76 lines (49 loc) · 4.26 KB

scrapyd-k8s configuration

scrapyd-k8s is configured with the file scrapyd_k8s.conf. The file format is meant to stick to scrapyd's configuration where possible.

[scrapyd] section

  • http_port - defaults to 6800 ()
  • bind_address - defaults to 127.0.0.1 ()
  • max_proc - (implementation pending), if unset or 0 it will use the number of nodes in the cluster, defaults to 0 ()
  • repository - Python class for accessing the image repository, defaults to scrapyd_k8s.repository.Remote
  • launcher - Python class for managing jobs on the cluster, defaults to scrapyd_k8s.launcher.K8s
  • username - Set this and password to enable basic authentication ()
  • password - Set this and username to enable basic authentication ()
  • log_level - Log level, defaults to INFO

The Docker and Kubernetes launchers have their own additional options.

project sections

Each project you want to be able to run, gets its own section, prefixed with project.. For example, consider an example spider, this would be defined in a [project.example] section.

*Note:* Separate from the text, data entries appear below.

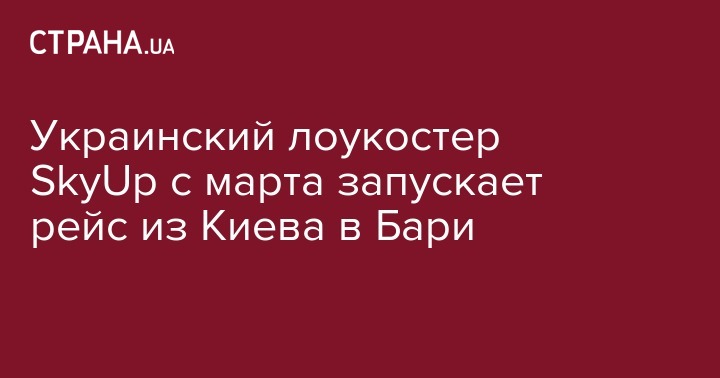 Украинский лоукостер SkyUp Airlines с 30 марта 2020 года запустит прямые рейсы из Киева в итальянский Бари. Как сообщила пресс-служба авиакомпании, рейсы будут осуществляться два раза в неделю – по понедельникам и пятницам. Стоимость билета в одну сторону без багажа составляет от 1694 грн.
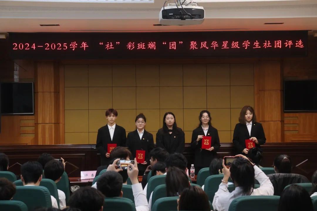 红丝带禁毒防艾社团、阳光书友社团、北斗星乐器社团荣获“五星级社团”荣誉称号;青鸟话剧社团、12号足球社团、明理宣讲社团、领尚舞蹈社团社团荣获“四星级社团”荣誉称号;青年志愿者社团、校园百事通社团、馋猫美食社团、印象摄影社团、马克思青年主义学社社团荣获“三星级社团”荣誉称号。
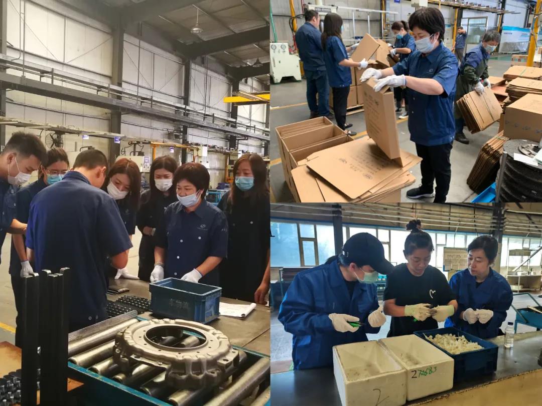8日一大早,在吉林省通用机械(集团)有限责任公司净月厂区,省总工会机关干部在经过分配岗位并进行劳动培训后,马上就投入到岗位实操工作中。“咱们现在要做的是选档臂,就是汽车挂挡时用的零件,你们三个人,两个人安装橡胶减震垫,一个人安装开口销。”装配车间有着十多年工作经验的老师傅梁立新一边演示一边仔细讲解。省总工会机关干部学得仔细认真,随后马上投入到工作当中,很快就形成了一个小型流水线作业,一件件组装成品送到下一个装配工位。
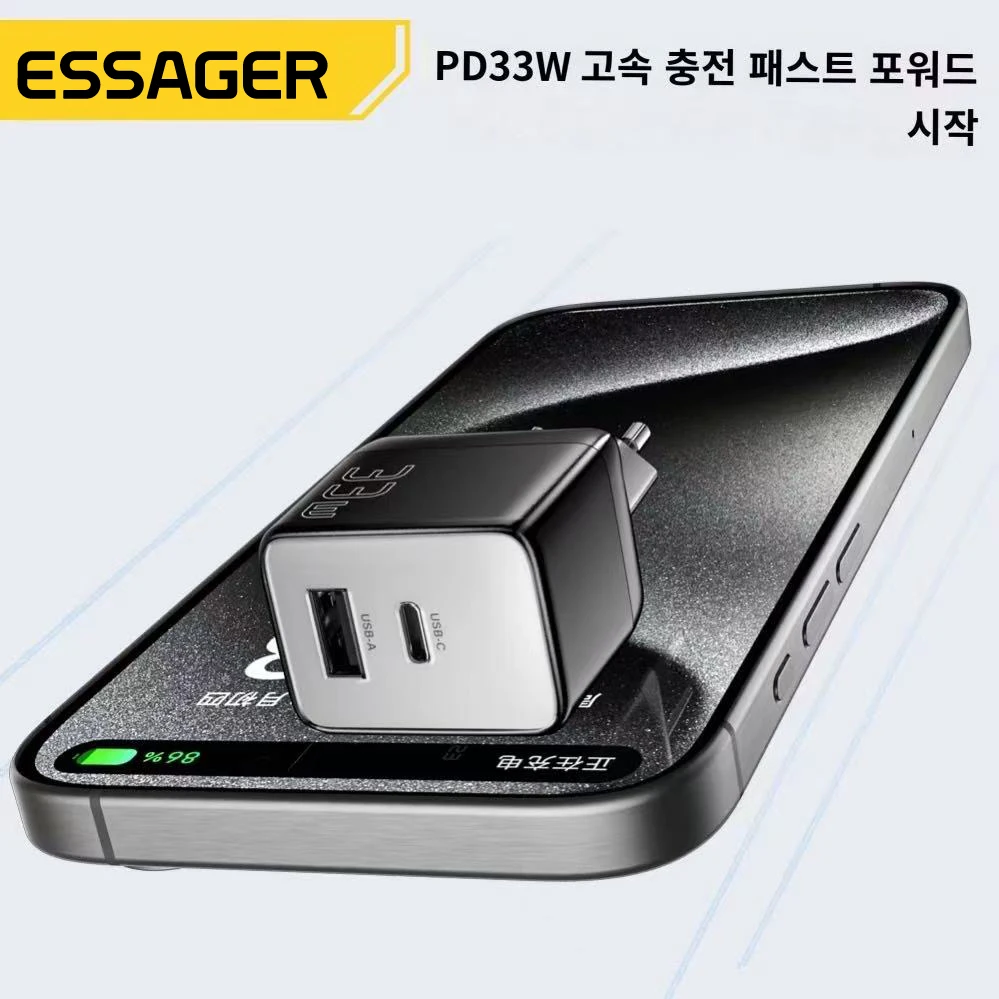 Essager 33W Korea Plug GaN Charger USB Type C For iPhone 16 15 14 Pro Max PD Fast Charging Charger For iPad Macbook Samsung S23
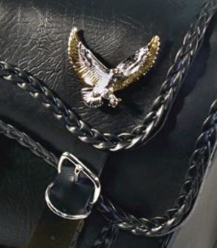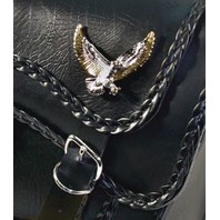 Features three strand braided design, large silver and gold eagle, along with quick release buckles, zip off yokes, removable carry handle and plastic reinforcement for shape retention

  • repository - container repository for the project, e.g. ghcr.io/q-m/scrapyd-k8s-spider-example

Docker

This section describes Docker-specific options. See scrapyd_k8s.sample-docker.conf for an example.

  • [scrapyd] launcher - set this to scrapyd_k8s.launcher.Docker
  • [scrapyd] repository - choose between scrapyd_k8s.repository.Local and scrapyd_k8s.repository.Remote

TODO: explain Local and Remote repository, and how to use them

Kubernetes

This section describes Kubernetes-specific options. See scrapyd_k8s.sample-k8s.conf for an example.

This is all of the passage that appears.